We copy the part of the URL that comes after /d/ - that is the key of the document which we’ll refer to in our code. We’ll make use of the pygsheets python package to authenticate with Google Sheets and then update the spreadsheet with information from the report we just created:

pygsheets_image = modal.Image.debian_slim(python_version="3.11").pip_install(
    "pygsheets~=2.0.6"
)


@app.function(
    image=pygsheets_image,
    secrets=[modal.Secret.from_name("gsheets-secret")],
)
def update_sheet_report(rows):
    import pygsheets

    gc = pygsheets.authorize(service_account_env_var="SERVICE_ACCOUNT_JSON")
    document_key = "1RqQrJ6Ikf611adKunm8tmL1mKzHLjNwLWm_T7mfXSYA"
    sh = gc.open_by_key(document_key)
    worksheet = sh.sheet1
    worksheet.clear("A2")

    worksheet.update_values("A2", [list(row) for row in rows])
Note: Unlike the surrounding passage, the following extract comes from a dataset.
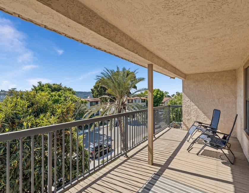 Tucked behind the Omni La Costa Resort and Golf Course, this beautifully redesigned townhome presents a rare opportunity to own a distinctive property with oversized balconies and peak views of the golf course and beyond. The open-concept layout has been completely remodeled with coastal-inspired design elements, featuring shaker-style soft-close cabinetry, stainless steel appliances, a spacious center island with an under mounted microwave and slide-out drawers, stunning quartzite countertops, and a cool glass tile backsplash. Additional storage can be found in the step-in pantry and laundry room, with side-by-side units. With over 800 sq. ft. of exclusive-use patio space and one of the largest balconies in the complex, you’ll love the seamless indoor/ outdoor flow. Enjoy abundant south-facing natural light while maintaining comfort with newer windows, slider doors, and a forced heating and air conditioning system. Upstairs, discover dual suites, each with convenient en-suite bath access. The primary bathroom has been fully reimagined, featuring a stunning walk-in shower with a glass surround, dual vanity, and a spacious walk-in closet. Step out to your private upstairs balcony and enjoy views of the July 4th fireworks right from your home! Located in the best spot in the complex, this unit is just steps from the pool and has direct access to covered garage parking. It includes one dedicated parking space with additional storage, plus plentiful guest parking for visitors. All this and you’re only 10 minutes from world-class Carlsbad beaches at an unbeatable price. Don’t miss out on this exceptional property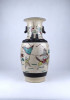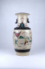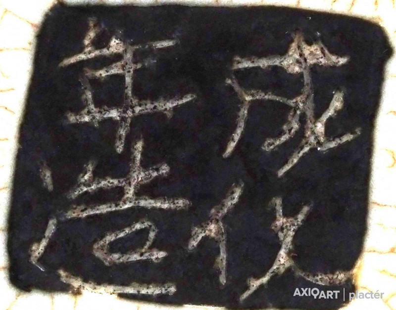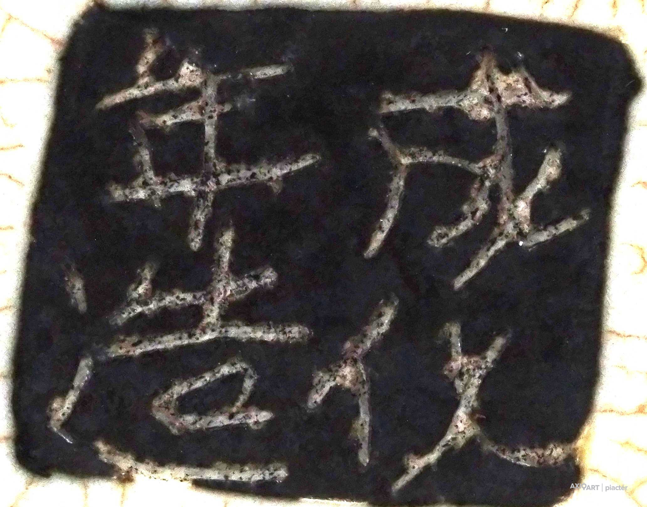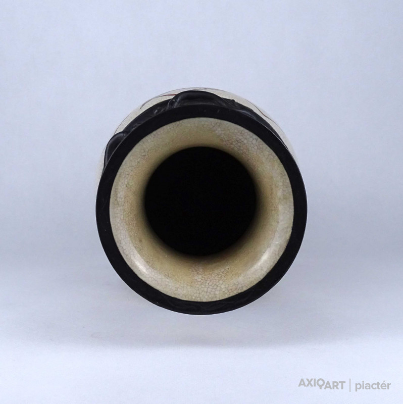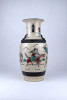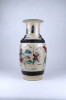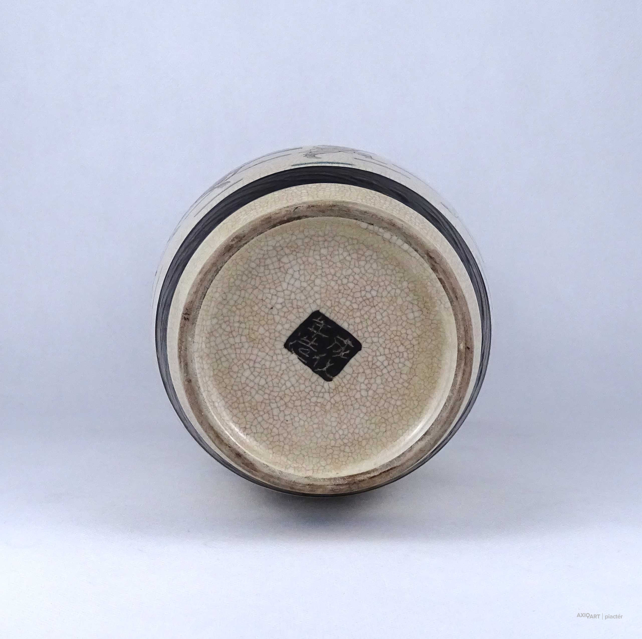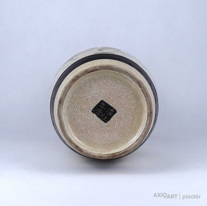 [1Z914/Z017] Régi, nagyméretű, szép állapotú, jelzett, kerámia váza, díszváza. Oldalán kézzel festett lovas és szamuráj harcos alakok, katonák, nyakán négy darab bronz színű kerámia sárkány alak látható. Szája restaurátor által szakszerűen javított. Alján kalligrafikus jelzés, lásd fotó. Magasság: 35.3 cm Szélesség: 18 cm Súly: 2.11 kg

At this point, we have everything we need in order to run the full program. We can put it all together in another Modal function, and add a schedule argument so it runs every day automatically:

@app.function(schedule=modal.Cron("0 0 * * *"))
def db_to_sheet():
    rows = get_db_rows.remote()
    report = create_report.remote(rows)
    update_sheet_report.remote(report)
    print("Updated sheet with new weather distribution")
    for weather, count in report:
        print(f"{weather}: {count}")

This entire app can now be deployed using modal deploy db_to_sheet.py. The apps page shows our cron job’s execution history and lets you navigate to each invocation’s logs. To trigger a manual run from your local code during development, you can also trigger this function using the cli: modal run db_to_sheet.py::app.db_to_sheet

Note that all of the @app.function() annotated functions above run remotely in isolated containers that are specified per function, but they are called as seamlessly as using regular Python functions. This is a simple showcase of how you can mix and match functions that use different environments and have them feed into each other or even call each other as if they were all functions in the same local program.